RIP 18 weeks – how can it be resuscitated?
07/07/2016by Rob Findlay
(First published in Roy Lilley’s nhsManagers newsletter)
We usually see the shortest waiting times in April. But this April, the 18 week target was badly breached, and the waiting list was nearly 20 per cent bigger than a year earlier.
So it is now looking unlikely that ‘18 weeks’ will ever be achieved again in England.
What, if anything, could be done?
Local waiting times depend on two things: the size of the waiting list, and the order in which patients are scheduled. Nationally, they can also be improved by evening out the pressures.
Take scheduling first. There is a hopeful precedent, because the ‘incomplete pathways’ target improved patient scheduling in late 2011-12 (although those gains quickly reached their limits).

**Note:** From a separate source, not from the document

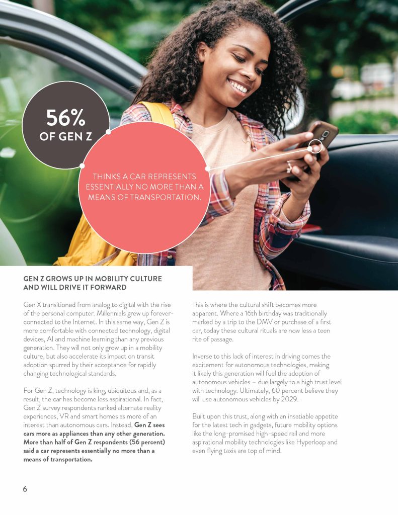Resulting from the intersection of transportation and technology, this cultural shift will be driven forward by a new generation of consumers – those just now coming of driving/ride-sharing age. Much in the way Baby Boomers in their teens and twenties defined American car culture, Gen Z will ultimately become synonymous with mobility culture.

We could do even better by replacing the current PTL approach (which manages long waits at the margins) with continuous good scheduling of all patients. But I don’t think it will happen any time soon.
What about variation in waiting times? There will doubtless be great efforts to tackle waiting times at the longest- waiting Trusts. That should help. It might even restore 18 weeks.
But the problem is that these measures can only help temporarily.
No matter how much effort is devoted to the longest-waiting Trusts, and how slick every hospital makes its patient scheduling, all of that will eventually be overwhelmed if the national waiting list continues its current rapid growth.
Halting that growth is equivalent to treating nearly 4 per cent more patients. The list is growing every year, so any extra activity needs to be recurring.
I don’t know about you, but I can’t see 4 per cent more recurring money, capacity or staffing arriving any time soon.
And even though waiting lists represent activity that has been ordered but not yet done, letting waiting lists grow looks like a free ride to commissioners because the liability appears nowhere in CCGs’ financial accounts.
So activity will not be brought back into recurring balance with demand.
Waiting list initiatives (including one-off efforts at the longest waiting Trusts) can only have a temporary effect.
Waiting lists will carry on growing.
And that’s why ’18 weeks’ is now in permanent breach.